Crock Pots and Slow Cookers: Like Turtles and Turtles

April 26, 2023 0 Comments

When it comes to cooking, a slow cooker is a slow cooker, but not all slow cookers are slow cookers.

So what is the difference?

A slow cooker is a small kitchen appliance that uses moist heat for long periods of time to cook food. They typically have three parts: a glass lid, a round or oval ceramic or porcelain pot, and a round or oval heating element that the pot fits snugly into. They come in a variety of sizes ranging from 16 oz. to 9 quarts or larger, with 5 to 6 quart sizes being the most common. They typically have two heat settings that offer continuous heat: high (about 300 degrees Fahrenheit) and low (about 200 degrees Fahrenheit) and surround the pot heating from the sides.

Slow cookers are also small kitchen appliances that use moist heat over a long period of time to cook food. They also have three parts: a glass lid, a pot, and a heating element. So what is the difference? Slow cookers generally describe a pot that sits on a hot plate and has many different temperature settings, usually notated with numbers one through five. The heat works in cycles, turning on and off. Because the heating element doesn’t surround the pot and cooks from the sides (and isn’t continuous), burning food is more easily achieved with a slow cooker. But who wants to achieve that?

Slow cookers are sometimes called slow cookers, but a true slow cooker (with the heating element underneath) is not called a slow cooker. The terms are often interchangeable, but perhaps incorrectly.

To further confuse you, what’s the difference between crock pot, crock pot, and crock pot ®?

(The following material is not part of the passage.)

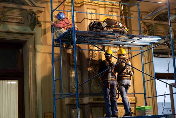 Un equipo de restauradores de la Universidad Nacional de San Martín comenzó con las tareas de restauración de restauración de las pinturas decorativas del hall principal y del Salón Dorado de la Casa de Gobierno bonaerense en el marco de los trabajos de puesta en valor de distintos edificios públicos.

Crock-Pot ® is a registered trademark owned by Rival Industries; note the hyphen, capitalization, and registered symbol. Just like Kleenex ® has replaced the facial tissue as a household name; The Rival trademark has also become a household name. However, this is where it gets grammatically technical. Without the hyphen, capitalization, and trademark symbol, those terms are not the property of Rival, but have the same meaning.

In the end, who really cares? If you are shopping for one of these small kitchen appliances, I would recommend buying a crock pot, not a slow cooker. In other words, get one with a heating element that surrounds the entire pot and heats continuously, not just from the bottom in cycles. The bottom line is that both offer the benefits of quick and easy dinner preparation, convenience, and healthy meals at low cost.

Maybe we should change the name to “Best Small Appliance Ever.” But then people might mistake it for your coffee maker. Or is it a coffee maker?